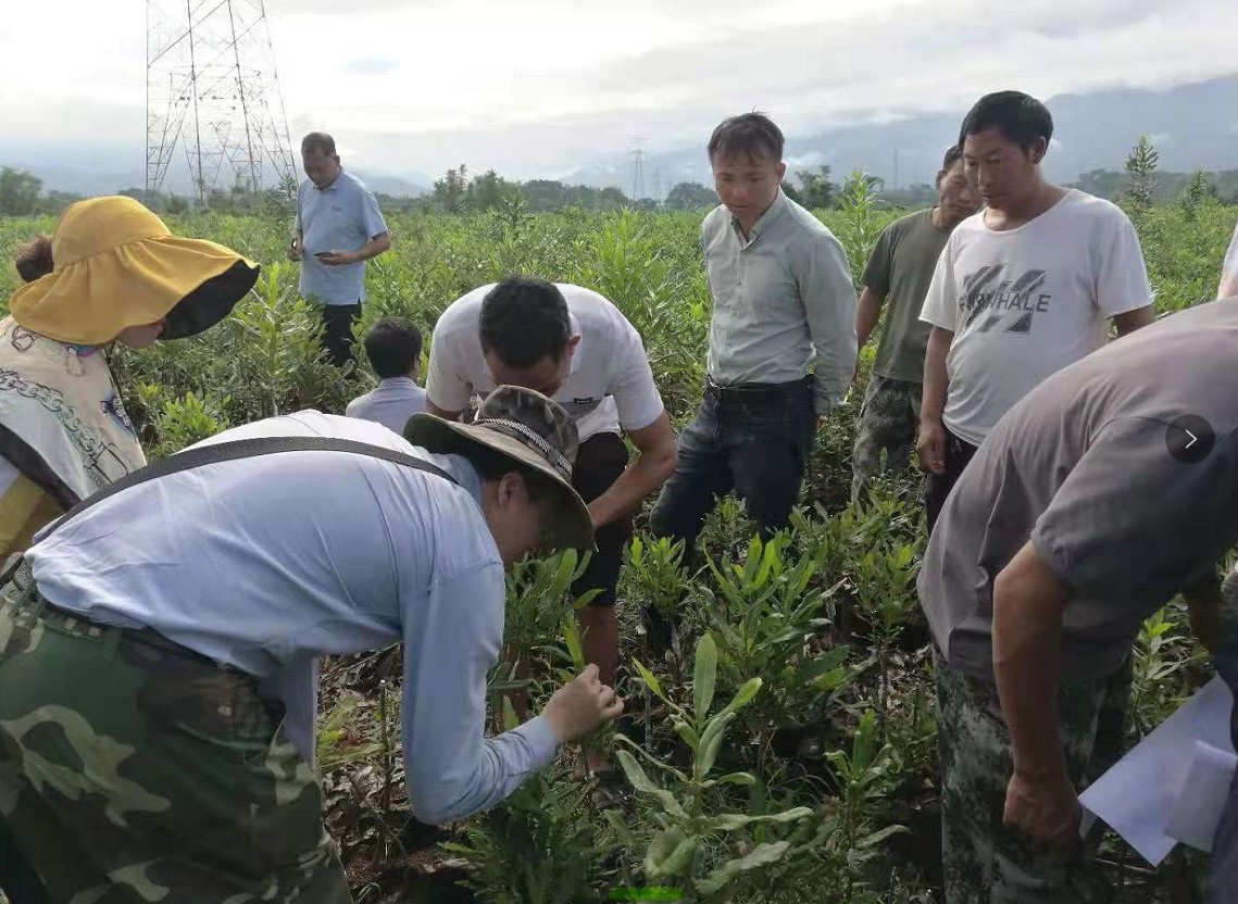 2021年6月18日,云南省盈江县澳洲坚果产业科技特派团成员蒋桂芝高级农艺师、王进强研究员在云南迪思企业集团坚果有限公司盈江芒胆基地,对来自芒胆中心苗圃、新城、芒环、壮町、莲花山、太平、俄琼基地的7个基地长及相关技术人员共22人进行澳洲坚果病虫害监测现场培训。
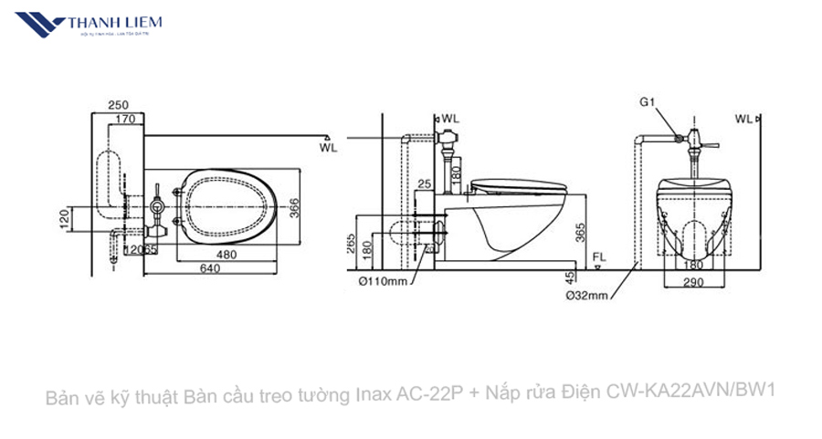 Mô tả Bàn cầu treo tường Inax AC-22P + Nắp rửa CW-KA22AVN/BW1
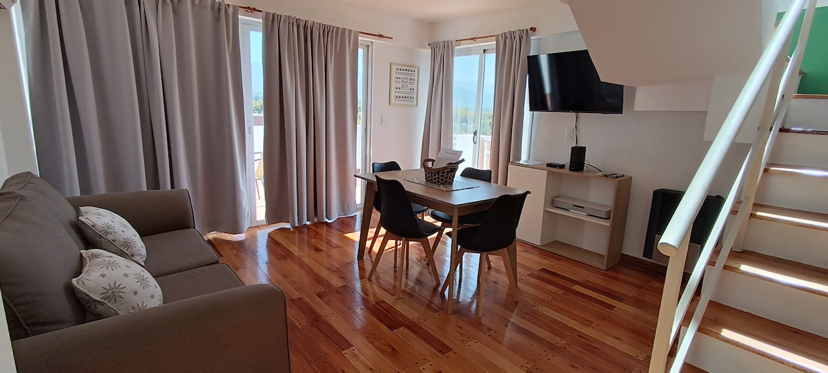 Dúplex super acogedor, en el último piso de un edificio residencial. Totalmente remodelado y equipado. Tiene terraza privada con vista espectacular para disfrutar el amanecer en la ciudad y el atardecer en la montaña. La ubicación es excelente, ideal para conocer y disfrutar Mendoza. Cerca de todo: a una cuadra de la calle Arístides con los mejores bares y restaurantes; a pocas cuadras del centro y del parque San Martín y a pasos de una estación del metrotranvía y la red de ciclovía.
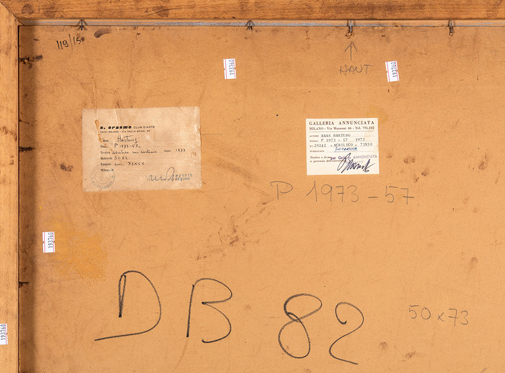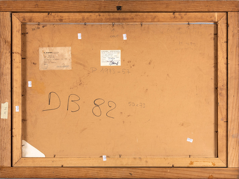 Hans Hartung (1904-1989) P 1973-57, 1973 acrilico e pastelli su cartone barritato, cm 50x73 firmato e datato in basso a destra Etichetta al retro della Galleria Annunciata, Milano Opera registrata presso la Fondazione Hans Hartung e Anna Eva Bergman con il n. P1973-57 L’opera verrà pubblicata sul Catalogo Generale delle opere di Hans Hartung edito dalla Fondazione Hartung Bergman. Provenienza: Collezione privata, Roma Collezione privata, Genova
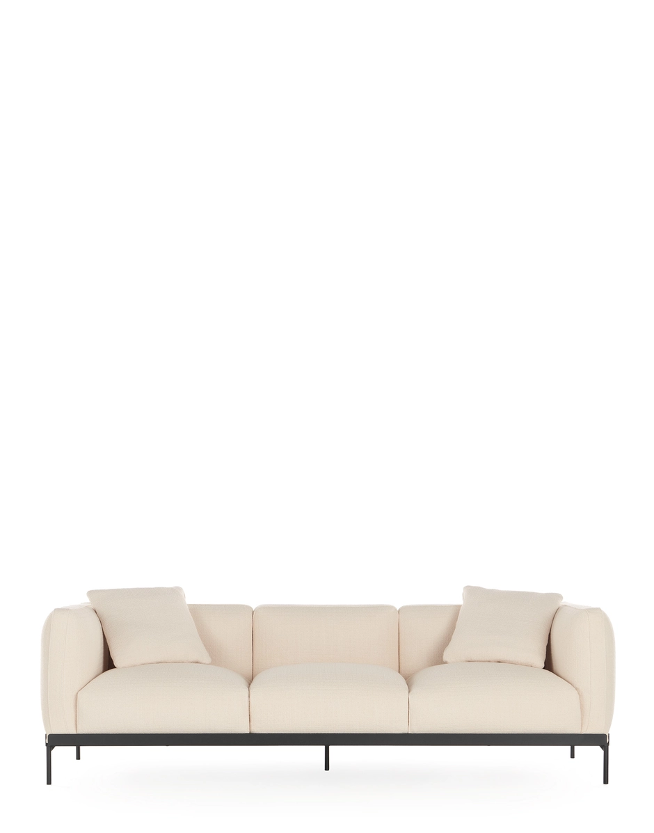 ASIA is the new sofa line designed by Piero Lissoni, featuring a compact, enveloping seat and a refined, well-balanced design. The system comprises two and three-seater sofas and an armchair. The cushions, designed for maximum comfort, are supported by an elegant metal “tray” with clean, precise lines. This element, which contrasts with the soft shapes of the cushions, creates a harmonious fusion of styles, resulting in a completely original aesthetic appeal. The ASIA line sofas are conceived to seamlessly integrate into contemporary settings, whether residential or commercial. With their versatile character and timeless elegance, these sofas bring sophistication and comfort to any living or professional space. They are available in Cotton Plain, Cotton Structure, Panamino, and Bouclé New fabrics in twenty different colours.
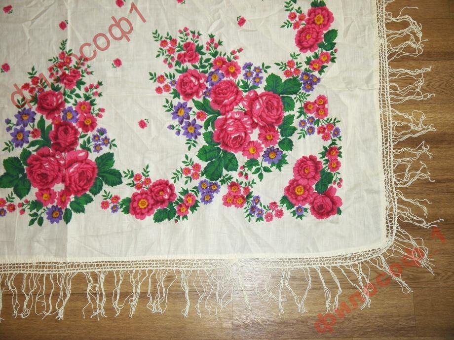 Фото этого платка (БС 902, к.2, "Букет с геранью" Е.Регуновой) много в этой теме, но с нашими Дуняшей и Митрофанушкой нет)) Новенький платок, с этикеточкой бумажной.
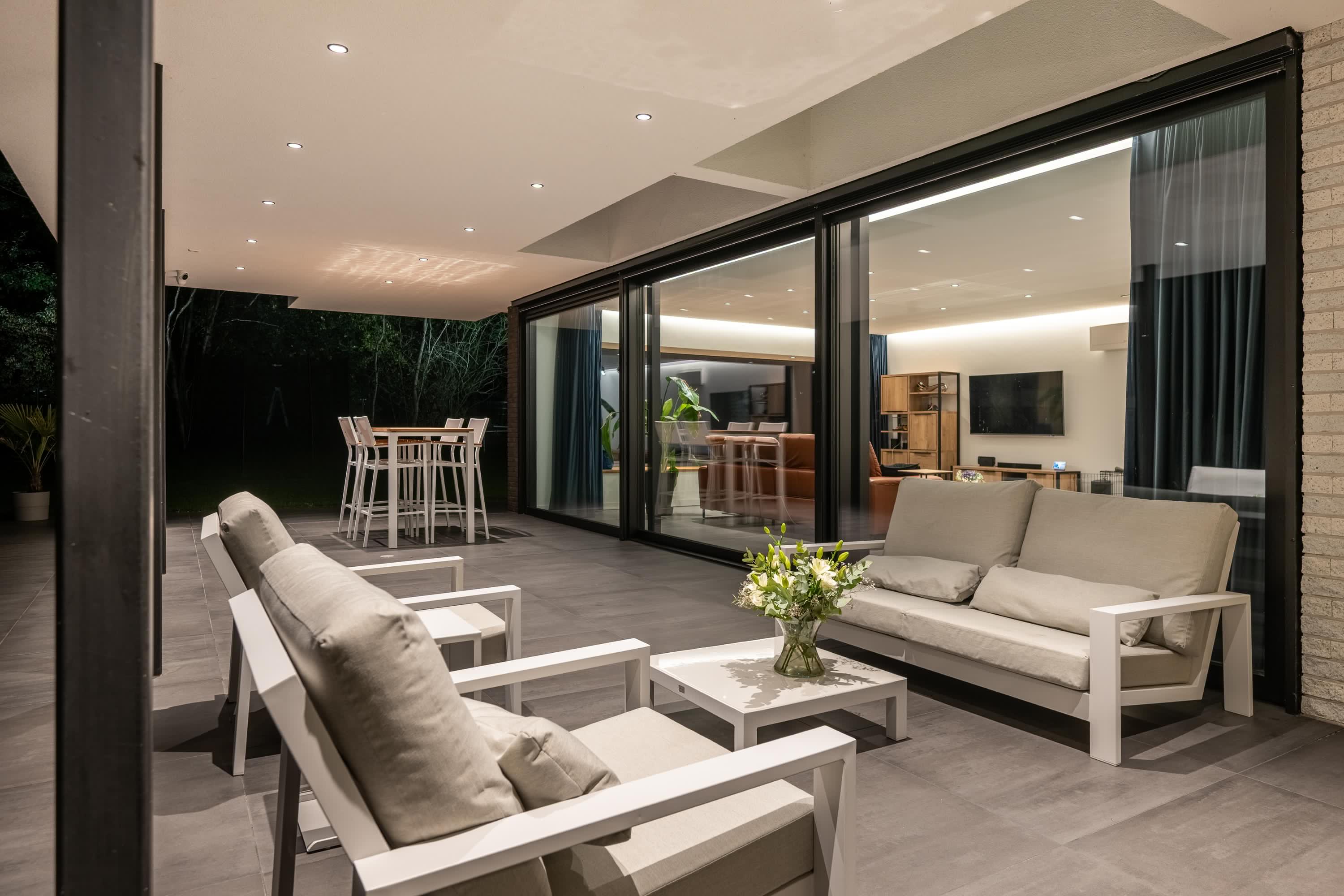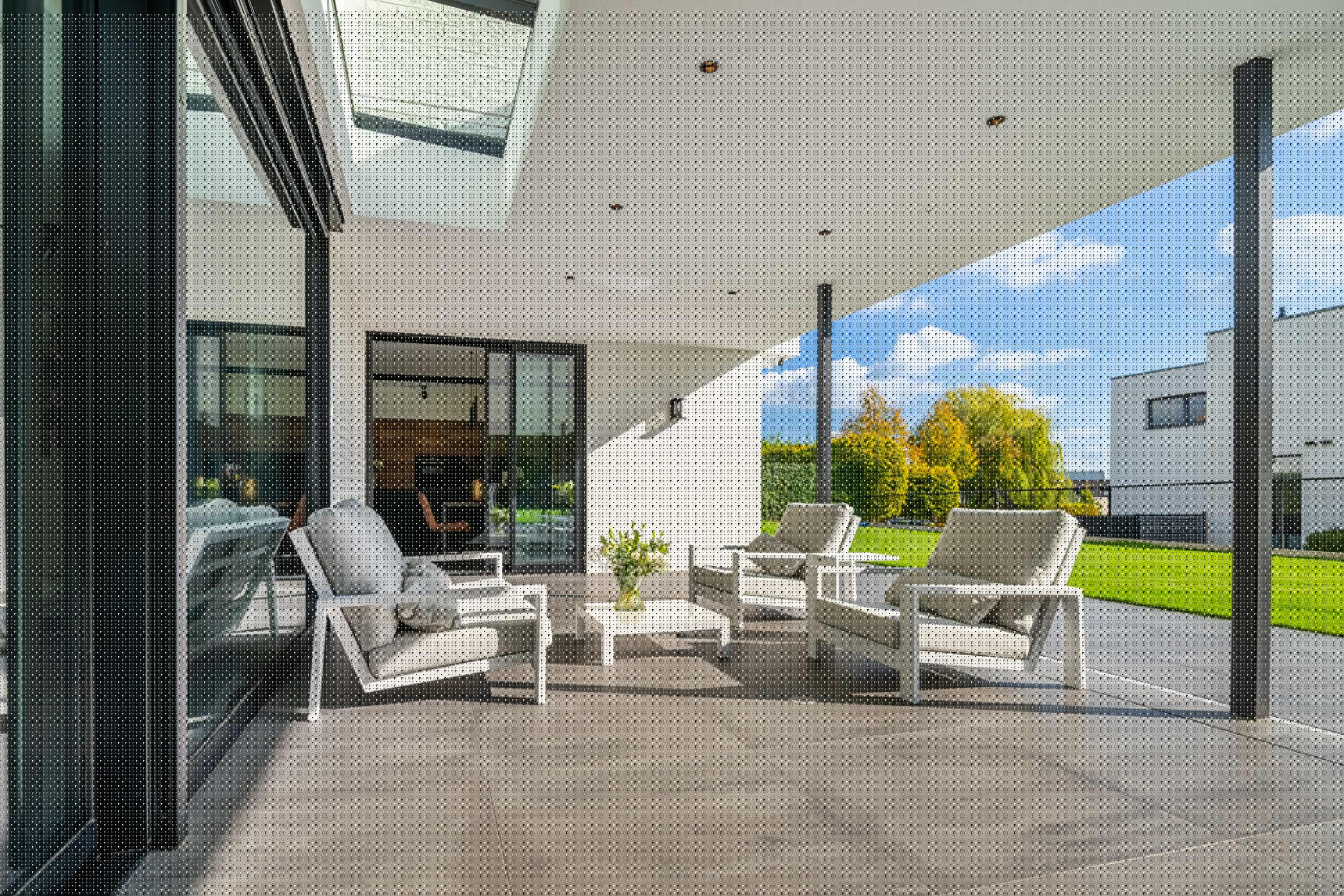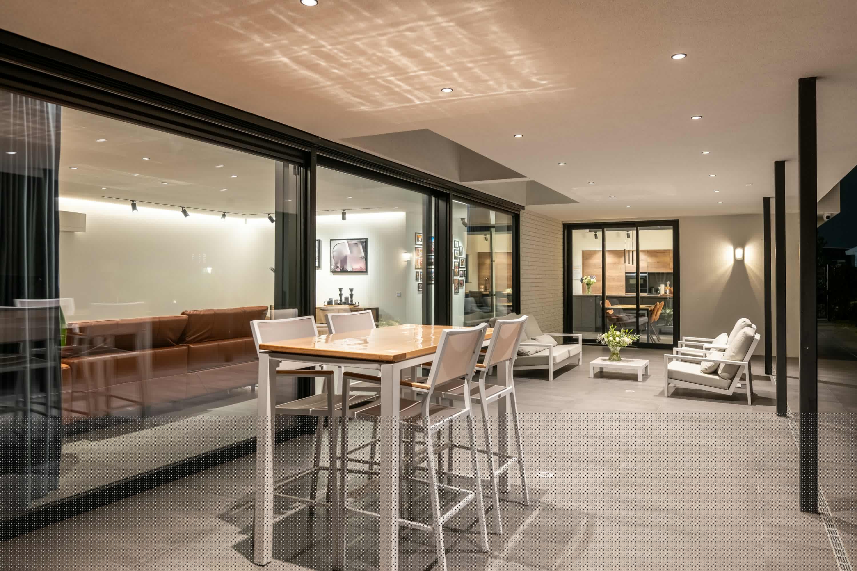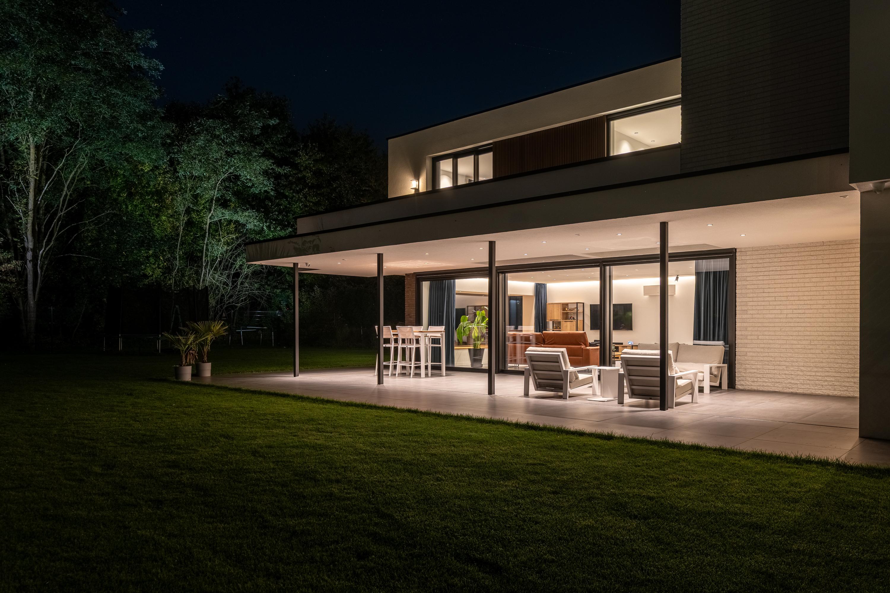 Dankzij de ruime overkapping geniet men hier van schaduw op zonnige dagen en comfortabele beschutting bij minder weer. De inbouwspots in het plafond zorgen 's avonds voor een warme, uitnodigende sfeer.

+ + +

** TASK TO COMPLETE **
For this exercise, print all of the entries exactly as they appear, but without pictures.

** EXPECTED ANSWER **
 2021年6月18日,云南省盈江县澳洲坚果产业科技特派团成员蒋桂芝高级农艺师、王进强研究员在云南迪思企业集团坚果有限公司盈江芒胆基地,对来自芒胆中心苗圃、新城、芒环、壮町、莲花山、太平、俄琼基地的7个基地长及相关技术人员共22人进行澳洲坚果病虫害监测现场培训。
 Mô tả Bàn cầu treo tường Inax AC-22P + Nắp rửa CW-KA22AVN/BW1
 Dúplex super acogedor, en el último piso de un edificio residencial. Totalmente remodelado y equipado. Tiene terraza privada con vista espectacular para disfrutar el amanecer en la ciudad y el atardecer en la montaña. La ubicación es excelente, ideal para conocer y disfrutar Mendoza. Cerca de todo: a una cuadra de la calle Arístides con los mejores bares y restaurantes; a pocas cuadras del centro y del parque San Martín y a pasos de una estación del metrotranvía y la red de ciclovía.
 Hans Hartung (1904-1989) P 1973-57, 1973 acrilico e pastelli su cartone barritato, cm 50x73 firmato e datato in basso a destra Etichetta al retro della Galleria Annunciata, Milano Opera registrata presso la Fondazione Hans Hartung e Anna Eva Bergman con il n. P1973-57 L’opera verrà pubblicata sul Catalogo Generale delle opere di Hans Hartung edito dalla Fondazione Hartung Bergman. Provenienza: Collezione privata, Roma Collezione privata, Genova
 ASIA is the new sofa line designed by Piero Lissoni, featuring a compact, enveloping seat and a refined, well-balanced design. The system comprises two and three-seater sofas and an armchair. The cushions, designed for maximum comfort, are supported by an elegant metal “tray” with clean, precise lines. This element, which contrasts with the soft shapes of the cushions, creates a harmonious fusion of styles, resulting in a completely original aesthetic appeal. The ASIA line sofas are conceived to seamlessly integrate into contemporary settings, whether residential or commercial. With their versatile character and timeless elegance, these sofas bring sophistication and comfort to any living or professional space. They are available in Cotton Plain, Cotton Structure, Panamino, and Bouclé New fabrics in twenty different colours.
 Фото этого платка (БС 902, к.2, "Букет с геранью" Е.Регуновой) много в этой теме, но с нашими Дуняшей и Митрофанушкой нет)) Новенький платок, с этикеточкой бумажной.
 Dankzij de ruime overkapping geniet men hier van schaduw op zonnige dagen en comfortabele beschutting bij minder weer. De inbouwspots in het plafond zorgen 's avonds voor een warme, uitnodigende sfeer.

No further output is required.